Max Powah
Max Powah

Reputation: 21

Nokogiri scraping with Ruby On Rails not working as expected

I'm completely new to Ruby on Rails but I think I might be missing something obvious. I'm currently working on a webapp that scrapes auction websites. The bones of the app was created by someone else. I'm currently trying to add new website scrapes but they don't seem to be working.

I have read through some of the Nokogiri documentation, checked that the scraped information is indeed not being written to the database (the seeded URLs that are being targeted have been when I check via the rails console) and used the chrome extension CSS Selector Tester to check that I am targeting the correct CSS selectors. The record ids are correct when I check via the rails console.

I have put what I think are the important sections of code below, but I might be missing something that I don't realise is important.

The websites I'm having issues with are Lot-art.com & Lot-Tissimo.com

Any help will be much appreciated.

Seeded URLs

Source.create(name: "Auction.fr", query_template: "https://www.auction.fr/_en/lot/search/?contexte=futures&tri=date_debut%20ASC&query={query}&page={page}")
Source.create(name: "Invaluable.co.uk", query_template: "https://www.invaluable.co.uk/search/api/search-results?keyword={query}&size=1000")
Source.create(name: "Interencheres.com", query_template: "http://www.interencheres.com/en/recherche/lot?search%5Bkeyword%5D={query}&page={page}")
Source.create(name: "Gazette-drouot.com", query_template: "http://catalogue.gazette-drouot.com/html/g/recherche.jsp?numPage={page}&filterDate=1&query={query}&npp=100")
Source.create(name: "Lot-art.com", query_template: "http://www.lot-art.com/auction-search/?form_id=lot_search_form&page=1&mq=&q={query}&ord=recent")
Source.create(name: "Lot-tissimo.com", query_template: "https://lot-tissimo.com/en/cmd=s&lwr=&ww={query}&xw=&srt=SN&wg=EUR&page={page}")

Scheduler code

require 'rufus-scheduler'

require 'nokogiri'
require 'mechanize'
require 'open-uri'
require "net/https"


s = Rufus::Scheduler.singleton


s.interval '1m' do
  setting = Setting.find(1)
  agent = Mechanize.new

  agent.user_agent_alias = 'Windows Chrome'

  agent.cookie_jar.load(File.join(Rails.root, 'tmp/cookies.yaml'))
  List.all.each do |list|
    number_of_new_items = 0

    list.actions.each do |action|
      url = action.source.query_template.gsub('{query}', action.list.query)
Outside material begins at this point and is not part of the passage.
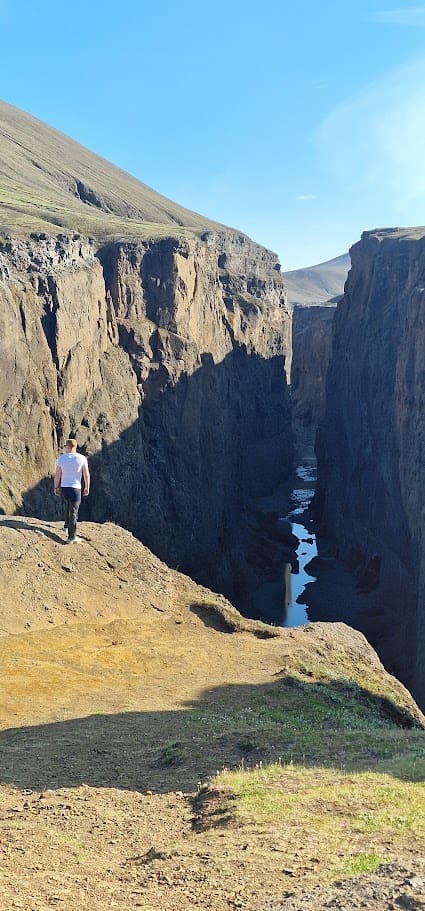After marveling at the stunning beauty of Stuðlagil Canyon, we journey further into the highlands to Hafrahvammagljúfur Canyon, where we stop to witness the grandeur of this 200-meter-deep gorge. This is Iceland's deepest canyon, also known as Dimmugljúfur, or "The Dark Canyon," because sunlight barely reaches its deepest point.

      case action.source.id
      when 1 # Auction.fr
        20.downto(1) do |page|
          doc = Nokogiri::HTML(open(url.gsub('{page}', page.to_s)))

          doc.css("div.list-products > ul > li").reverse.each do |item_data|

            price = 0
            if item_data.at_css("h3.h4.adjucation.ft-blue") && /Selling price : ([\d\s]+) €/.match(item_data.at_css("h3.h4.adjucation.ft-blue").text)
              price = /Selling price : ([\d\s]+) €/.match(item_data.at_css("h3.h4.adjucation.ft-blue").text)[1].gsub(" ", "")
            end

            item = action.items.new(
              title: item_data.at_css("h2").text.strip,
              url: item_data.at_css("h2 a")["href"],
              picture: item_data.at_css("div.image-wrap.lazy div.image img")["src"],
              price: price,
              currency: "€"
            )

            ActiveRecord::Base.logger.silence do # This disable writing logs
              if item.save
                number_of_new_items = number_of_new_items + 1
              end
            end

          end
        end

      when 97 # Lot-Tissimo.com
        5.downto(1) do |page|
          doc = Nokogiri::HTML(open(url.gsub('{page}', page.to_s)))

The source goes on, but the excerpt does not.